Most of us have an idea of how to provide food and water for pollinators, but do you know how to give them a home in your yard?

DENVER — All living things need food, water, and shelter. Most of us have an idea of how to provide food and water for pollinators, but do you know how to give them a home in your yard?

Butterfly homes

Butterflies make great pollinators because they feed on native flower species and travel much greater distances than bees. They also see red (bees can't see red) and they detect ultra-violet light in flowers and are attracted to the designs the UV creates.

You can add a brightly colored box with some twigs inside for perches and small slits for openings (so it doesn’t become a birdhouse) as a nice place for butterflies to stop or to hibernate. But don’t expect a lot of activity like you would with a birdhouse. Since butterflies prefer the underside of a leaf or a stone crevice to rest, a butterfly box will be a good resting spot only if others aren’t available.

Bee hotels

While honeybees live in hives, most bees—especially Colorado’s nearly 1,000 species of native bees—are solitary. Bumblebees are semi-social and nest in the ground—mostly in abandoned rodent holes. They live near each other but not together like roommates.

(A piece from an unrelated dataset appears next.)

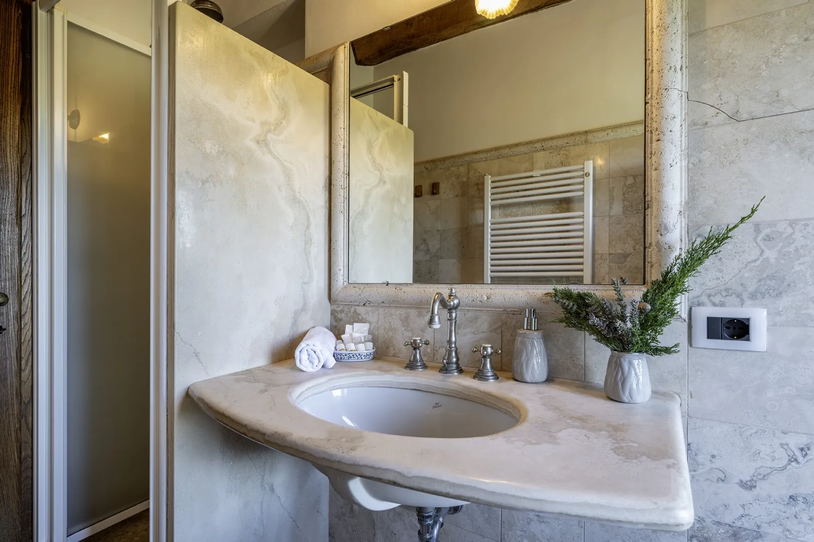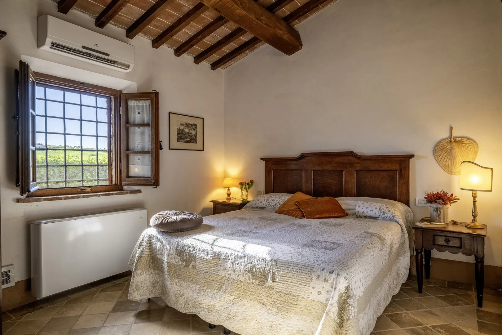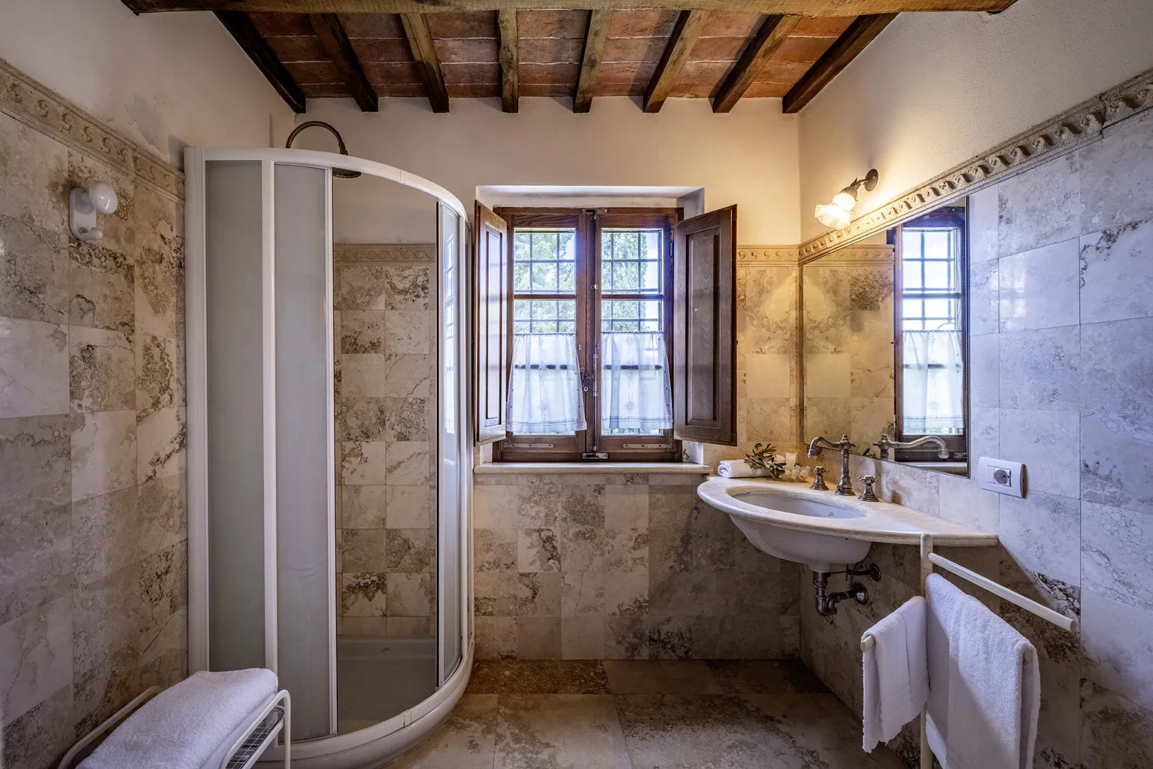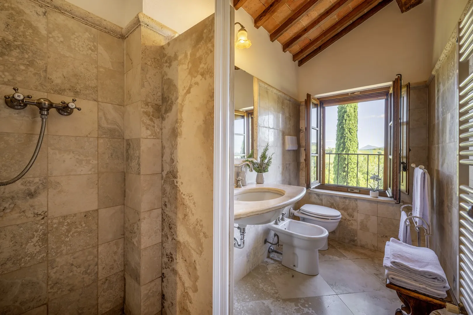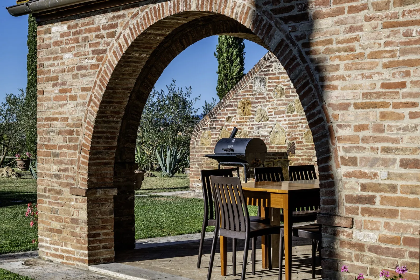 In a quiet, discreet area of the garden, which offers a particularly fascinating scenario with vineyards and the borgo of Montepulciano on the horizon, lies the beautiful swimming pool, perfectly integrated in the surrounding rural landscape and just a few metres from the house. The rectangular pool measures 11 x 5 m with the depth ranging from 1.10 to 1.60 m., is lined in PVC and has chlorine purification. It has elegant Roman steps for access to the water and the border is in travertine marble as is the sunbathing area around the pool, provided with sunbeds and a gazebo, with nearby a hot and cold-water shower. The swimming pool is open from the last Saturday in April until the first Saturday in October.

Native mason bees are “tube nesters.” They will line a tube with mud and pollen and nest in it as well as hibernate for the winter when they will close up the tube with mud. To give them a nice little hotel, you can provide hollow tubes for them from bamboo, cardboard tubes, or paper straws. You can also use a drill to make holes in a large cross-section of wood. Bundle the tubes with tape, zip ties, or string and put the bundle into a structure to keep it in place.

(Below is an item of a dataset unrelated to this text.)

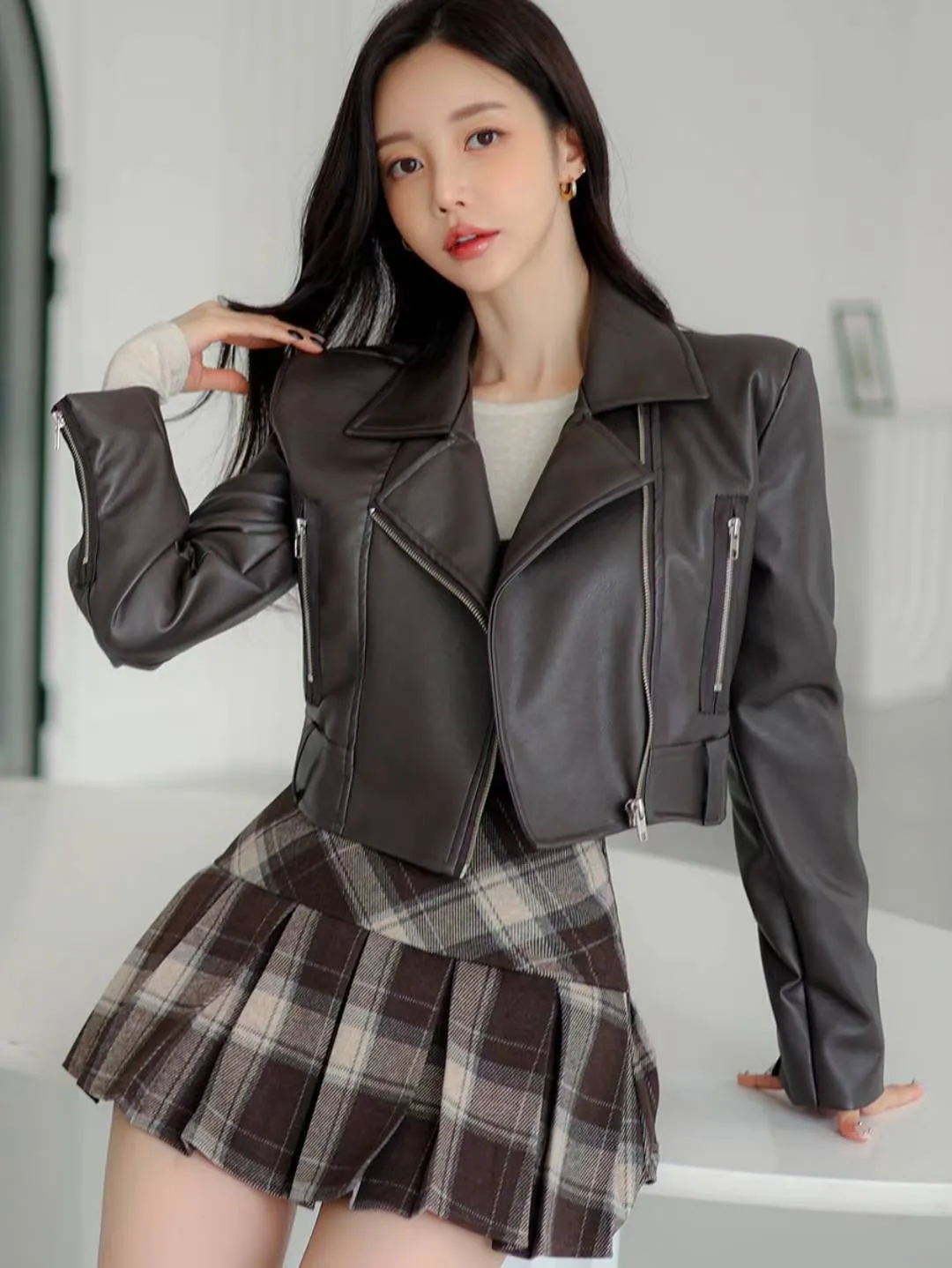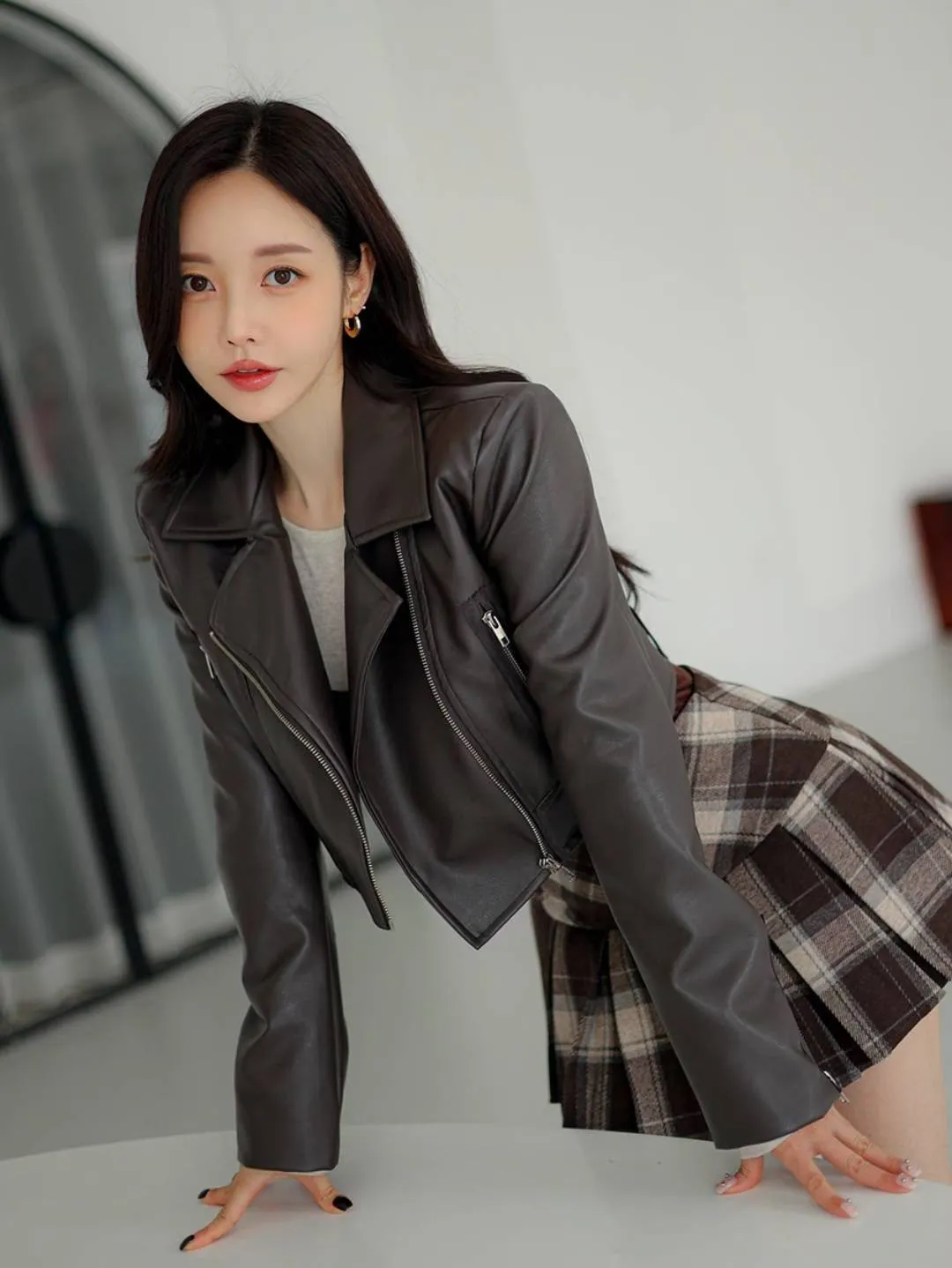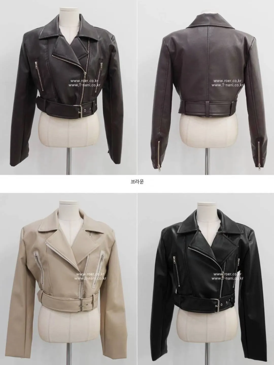 A54 1217(限量特)名媛洋裝家短版皮外套附腰帶3色

You can make a wooden frame or use a plastic container placed on its side. Be sure that there is an overhand that will keep the bees safe and dry when it is windy or rainy. Now, each bee has a unit in this hotel where it can lay eggs or hibernate.

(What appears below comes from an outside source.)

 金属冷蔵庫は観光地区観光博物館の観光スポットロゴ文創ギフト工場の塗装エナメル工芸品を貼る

Be sure to put your bee hotel against a building or tree trunk to keep it from falling. And don’t worry about protecting yourself—mason bees are gentle, and they rarely sting. If they do, it’s not as bad as a honeybee sting.

Bat “caves” 

Bats are pollinators, too. They help our landscapes by pollinating moonflower, evening primrose, yucca, and more than 500 other species of plants. They do their work at night, just like hummingbird moths and most other moths. And bats eat mosquitoes, so having them in your landscape has multiple benefits.

A bat house should be taller and wider than a birdhouse or other pollinator shelter. The inside should have a surface that bats can cling to—try adding some mesh to the interior walls if your bat box is smooth inside. More than one “room” or chamber is better.

Put the box on the warmest side of your house or garage (this helps buffer the box against temperature fluctuations), about 12 to 18 feet from the ground.

Bats need very warm temperatures—85 to 95 degrees to roost, so painting it a dark color is also good. Don’t put it in a tree—the shade would cool the shelter too much.